Oracle accelerates database and cloud strategy
Tim Jennings, Chief Analyst & Research Fellow, Enterprise IT
Oracle’s September 2013 customer event was notable for a series of announcements designed to help the company’s customers improve the speed and agility of their information systems. The flagship news revolved around Oracle’s core competence of database technology, with forthcoming releases of an in-memory option for Oracle Database 12c that promises to significantly speed up analytic queries, and of an enterprise-grade Database as a Service (DBaaS) offering, part of the Oracle Public Cloud. The latter is reaching a new level of maturity, assisted by the acquisition earlier in 2013 of cloud infrastructure specialist Nimbula.
One of the dominant themes of the conference was machine-to-machine (M2M) technology and the Internet of Things (IoT), and here Oracle is positioning its Java technology as an end-to-end platform for solution development. It also announced an upcoming new version of its Java as a Service offering, which again provides enterprise-grade development capabilities in the Oracle Public Cloud. These headlines were further supported by new engineered systems for in-memory computing and for database backup, and by good progress across many areas of the product portfolio.
In-memory database goes mainstream
Building on the recent launch of Oracle Database 12c, including its features for multi-tenancy, Oracle announced a new in-memory option for its flagship database. This augments the traditional row-based storage of data with a column-based store that is created entirely in-memory, either on database load or on first use. This in-memory column store dramatically accelerates analytical queries, with Oracle claiming and demonstrating up to 100× speed improvement for some queries.

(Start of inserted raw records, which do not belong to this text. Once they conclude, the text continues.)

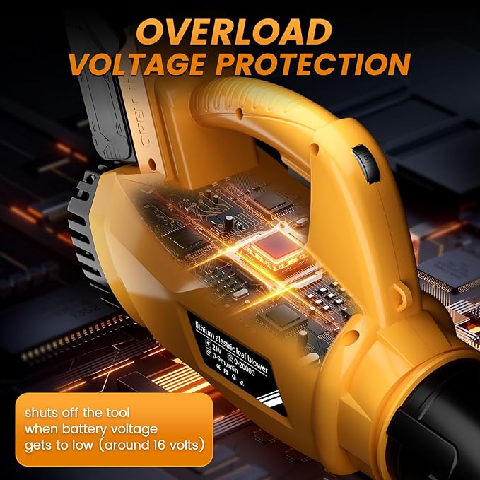 - 【Built in BMS Protection】Electric blower cordless perfectly compatible with Dewalt battery,ensuring plug-and-play and stable power supply, When the battery level is low than 16v, the system automatically shuts off the operating circuit to prevent excessive discharge, effectively extending battery life and protecting the battery cells. Whether you're a professional or everyday user, you can confidently work for extended periods without worrying about battery damage!
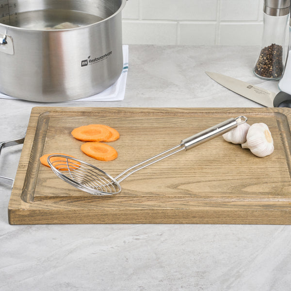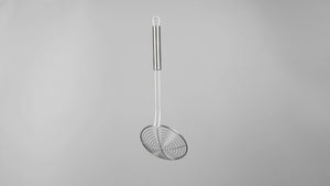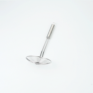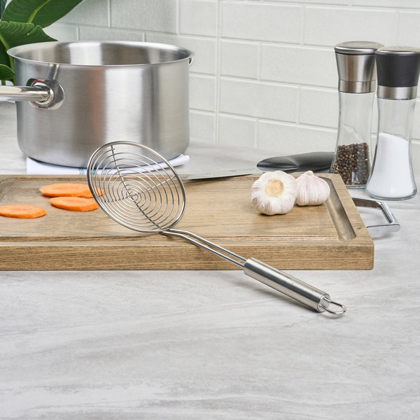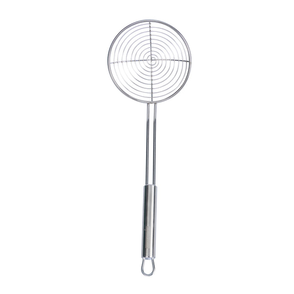Introduce a new level of professionalism to your kitchen with our German Standard Stainless Steel Spiral Wire Skimmer. This skimmer spoon features a shallow basket designed to safely scoop up and drain food items like vegetables, dumplings, or noodles from hot liquids or oil. The long, ergonomic handle of this slotted spoon allows for precise maneuvering in hot situations, keeping your hands at a comfortable distance from the heat. This frying spoon is created from stainless steel and boasts premium durability for long-lasting performance in your kitchen. The built-in hook of this stainless steel skimmer enables easy storage, keeping your kitchen area organized. For a straightforward cleanup, this fryer spoon is dishwasher-safe. This metal frying spoon measures 13.9 inches in length by 4.8 inches in width. Sold in a 1 count box.
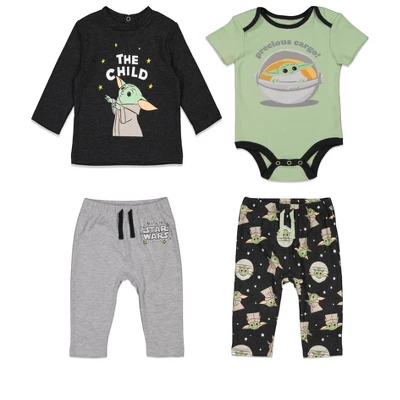 - Officially licensed Star Wars newborn and infant 4 piece mix n’ match clothing set: short sleeve bodysuit, graphic tee shirt, and pants
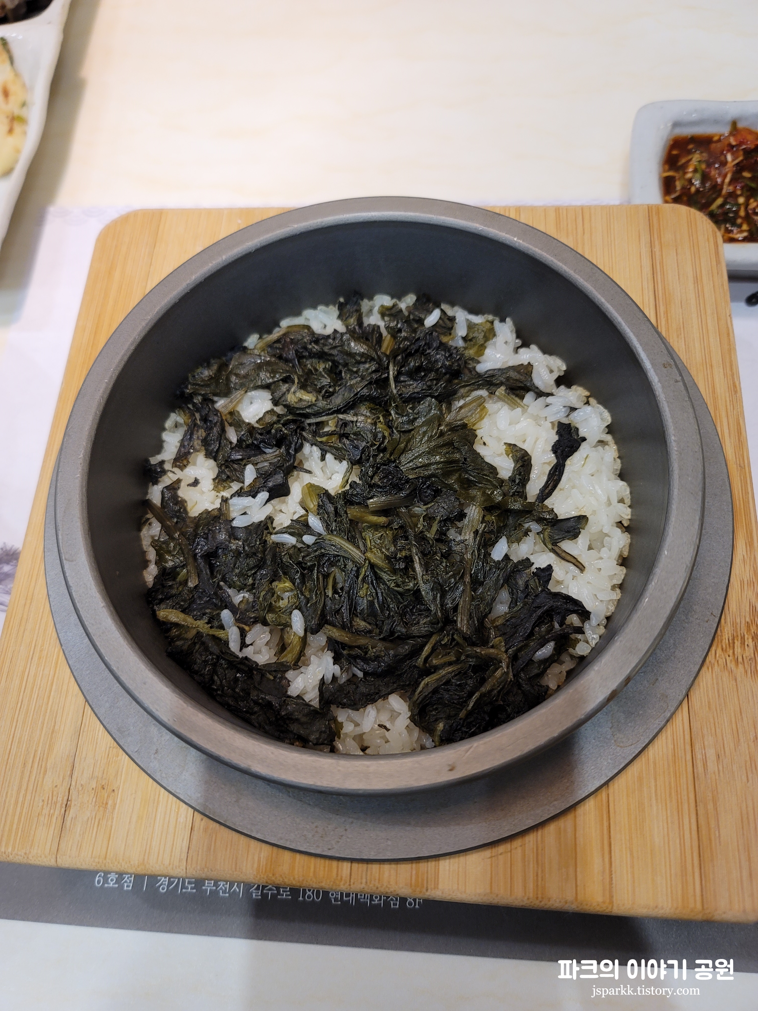 밥은 돌솥밥으로 나온다. 근데 뭔가 완벽한 정통 돌솥밥 느낌은 아니고 돌솥과 플라스틱 사이의 중간 느낌이었다.
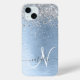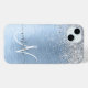 Blue Brushed Metal Silver Glitter Monogram Name Case-Mate iPhone Case
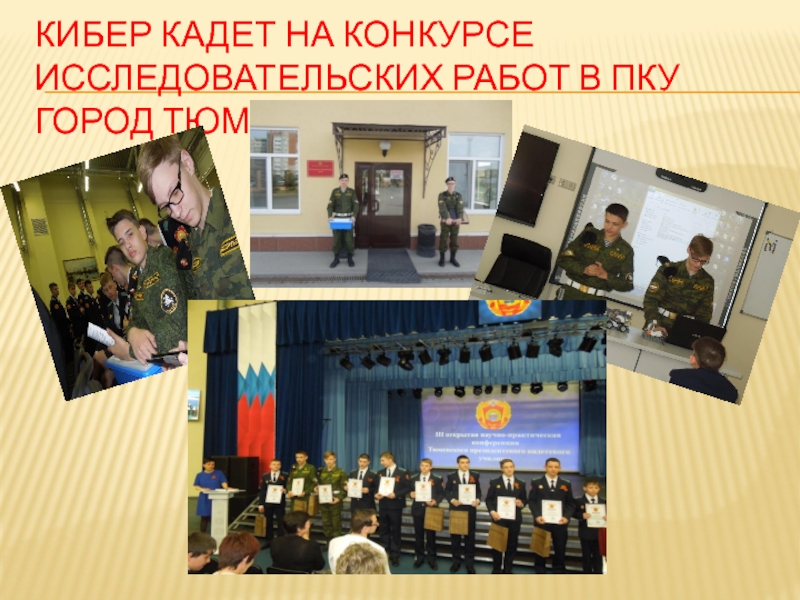 Слайд 6Кибер кадет на конкурсе исследовательских работ В ПКУ город Тюмень

While Oracle acknowledges that it is not the first company to utilize in-memory database technology, it contends that it can deliver high performance for both OLTP and analytical workloads from the same database. Most importantly for clients, it will deliver these benefits for existing applications, without requiring any changes. Considering that Oracle is the market leader in the enterprise database segment, Ovum believes that this will quickly propel in-memory technology into mainstream adoption.
To take advantage of these new capabilities, Oracle announced a new engineered system – the Oracle Big Memory machine – based on a SPARC T6 processor, with up to 384 CPU cores, and 32TB of DRAM main memory. Rounding out the hardware announcements was the Oracle Database Backup Logging Recovery Appliance, optimized to carry out incremental backups of large numbers of databases.
Oracle Public Cloud is growing in maturity
As with several of its competitors, Oracle’s evolution of its public cloud has been an iterative process, carried out in the public eye. This reflects both the technical challenges of creating a truly elastic ICT service, and the need to react to customer adoption patterns and priorities in areas such as security, data center location, billing models, and standards. The company’s acquisition of Nimbula in March 2013 brought with it some of the architects responsible for the Amazon Web Services cloud, and this is now beginning to show in more robust underpinnings for the Oracle Public Cloud at an infrastructure and management level, and in a clearer roadmap at all levels of the cloud stack.
OpenWorld saw the announcement of a new DBaaS offering, with each tenant receiving templates for virtual machines that contain pre-configured instances of Oracle Database 12c or Oracle Database 11g R2, and options for three levels of service, from basic, to managed, to maximum availability. Ovum believes that this enterprise-grade service defines a new standard for database in the cloud, and will particularly appeal to existing customers wanting to extend their solutions into a cloud delivery model.
Oracle DBaaS was backed up by a raft of further announcements and enhancements for the Oracle Public Cloud, including Java as a Service, revamped Infrastructure as a Service offerings, a comprehensive strategy for Platform as a Service, and the observation that Oracle’s Software as a Service portfolio is one of the most complete available, and already serves 21 million users, spread over 10,000 companies. Ovum notes that the Oracle Public Cloud has been designed to appeal primarily to existing Oracle customers, and that this increased maturity will enable it to meet the growing demand from its target audience.
Enterprises should include M2M on their IT planning horizon
Looking a little further forward, Oracle also put a significant stake in the ground to take a share of the growing market based on M2M/IoT technology, where a plethora of sensors in physical goods, high value assets, and the built and natural environments, is enabling a new generation of automated business processes and analytical applications. Oracle believes that Java has the capability to provide an end-to-end M2M platform, being suited for running on very small devices to large gateways, as well as underpinning many complex enterprise-scale software projects. Although the M2M market is still evolving, Ovum believes that this will be a rapid process, and that those enterprises not already building these applications should include M2M strategy as part of their medium-term planning.